Современное определение понятия «нация» в его гражданско-политическом значении выглядит, например, так: «НАЦИЯ — это народ, который создал себе зависящее от него правительство и имеет в своем распоряжении территорию, границы которой более или менее уважаются др. нациями (народ, организованный в государство). Нацию могут образовать несколько народов или части различных народов, напр. Великобритания, Швейцария. См. также Народ. Государство» (Философский энциклопедический словарь, terme.ru). Другими словами, понятие «нация» в его гражданско-политическом значении — это надэтническая и надконфессиональная (надрелигиозная) общность людей, формируемая тем или иным государством. При этом оно, это понимание, безусловно, шире представления о простой совокупности граждан, поскольку подразумевает нахождение в составе такой нации и какой-то части лиц, ограниченных в тех или иных политических правах (дети, лица без гражданства или какие-то иные пораженные в некоторых правах граждане).
В своем третьем, государственно-международном значении под нацией подразумевается любая отдельная страна, любое суверенное государство. При этом, слово «нация» в этом значении несет на себе оттенок безусловной торжественности и возвышенности, используясь, как правило, в названиях международных организаций, таких, как, например, Организация Объединенных Наций.
Все это многообразие смыслов, сошедшихся в одном слове, конечно же, порождает массу неудобств, требуя постоянных оговорок, поясняющих смысл сказанного или написанного, ибо далеко не всегда значение этого слова вытекает из контекста, особенно, если используются его многочисленные производные.

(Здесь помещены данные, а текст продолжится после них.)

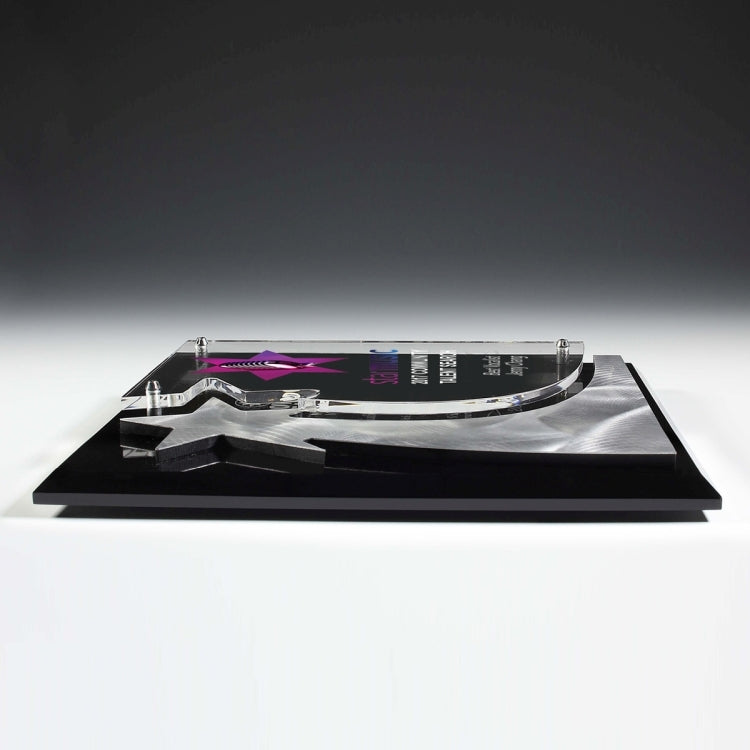 These plaques feature metal shooting stars or waves mounted on black beveled and polished acrylic with swirling metal accents. The clear acrylic imprint panel is decorated by Screen Printing, Laser Engraving or 4 Color Process Printed and is elevated and held in place with decorative chrome hardware.

Ну, например, словосочетание «национальная политика». Как его понимать исходя из вышеупомянутых значений слова «нация»? Как политику в сфере межэтнических отношений? Или как политику формирования и развития гражданского общества? Или как государственную политику в той или иной сфере. В принципе, возможно и так, и сяк, только попутно придется расшифровывать, пояснять то или иное понимание, дабы избежать разночтений. А это не всегда получается, особенно в запале устных дискуссий. В итоге — досадное недопонимание озвученных позиций. Другой пример — слово «национализм». Наше традиционное его понимание носит ярко выраженный негативный оттенок, подразумевающий идеологию и политику разжигания межнациональной (в смысле межэтнической) вражды. С другой стороны, все чаще и чаще его начинают употреблять для обозначения политики укрепления нации (в смысле страны, государства) и защиты ее национальных (в этом же смысле) интересов. Так, например, В.В. Путина на Западе нередко называют националистом именно в этом естественном для них значении, да и сам он публично представляет себя «самым правильным, самым настоящим националистом», как это было на последнем (2018 г.) собрании Валдайского клуба. В отличие, кстати, от «пещерного национализма, дурацкого и придурочного» (продолжение путинской цитаты).

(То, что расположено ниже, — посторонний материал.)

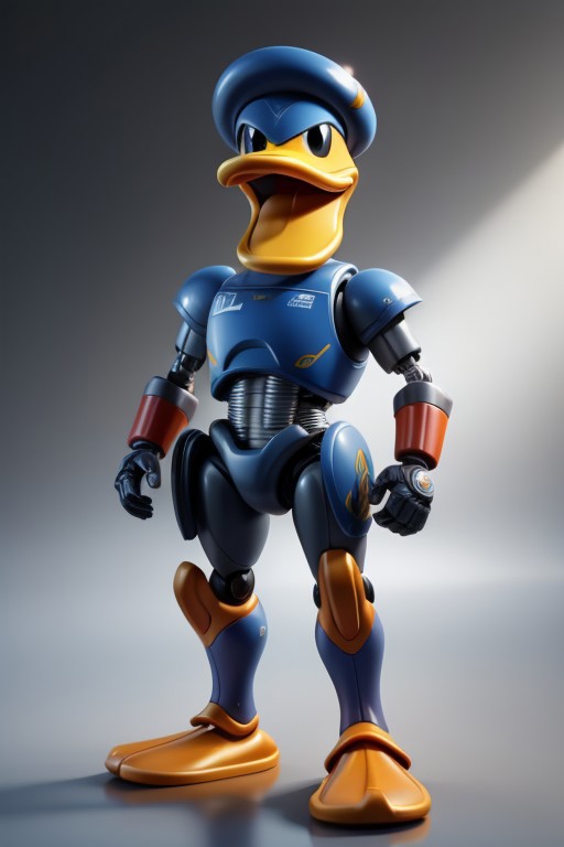 D0nald duck , <lora:d0nald12CIVIT:0.8> , as a robocop

Еще один забавно-курьезный пример: словосочетание «национальное государство». В последнее время оно постоянно звучит с наших телевизионных экранов из уст самых разных экспертов. Понимается под ним, как правило, государство моноэтническое, гражданское общество которого практически полностью состоит из представителей какой-либо одной нации (этноса). Но, исходя из тождественности третьего значения слова «нация» понятию «государство», можно перефразировать это словосочетание в национальную нацию, что, естественно, выглядит как масло масляное.
Можно ли как-то улучшить, упорядочить эту ситуацию? Я думаю, да, но об этом чуть позже. А пока нельзя не упомянуть об еще одном значении слова «нация», появившемся и более-менее закрепившемся в нашем языке совсем недавно, в постсоветский период, а потому не вошедшем пока ни в какие толковые словари.
2. Новое понимание нации
Новейшая история России обогатила нашу лексику множеством неологизмов, среди которых немало относящихся и к нашей теме. Это такие, как национальная идея, национальный интерес, национальный проект, национальное достояние, национальный лидер и т.п.

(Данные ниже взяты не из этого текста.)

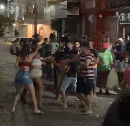 Segundo informações de pessoas que presenciaram o tumulto, ocorrido na noite desse sábado (26), as mulheres que trocavam agressões brigavam por um homem.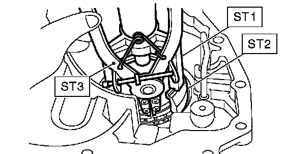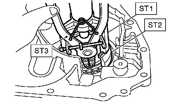 1. Remove snap ring using ST1, ST2, ST3 and a press.

Очевидно, что здесь определение «национальный» подразумевает несколько иной смысл, нежели обозначенный в приведенных выше значениях слова «нация». Я бы даже отметил, что это принципиально иной обобщенный смысл, вбирающий в себя все три перечисленные выше значения, объединенных в единое комплексное понятие, обретающее, тем самым, некое новое качество.
Нация в этом понимании — безусловно, надэтническое понятие, но не отрицающее этничность как таковую, а подразумевающее равноправную совокупность всех (любых) этносов (национальностей) в рамках данного конкретного государства. Нация в этом высшем понимании не подразумевает преимуществ какого-либо одного этноса (национальности) перед всеми остальными этносами, существующими на данной территории, фактически упраздняя или политически обесценивая представление о так называемой «титульной нации».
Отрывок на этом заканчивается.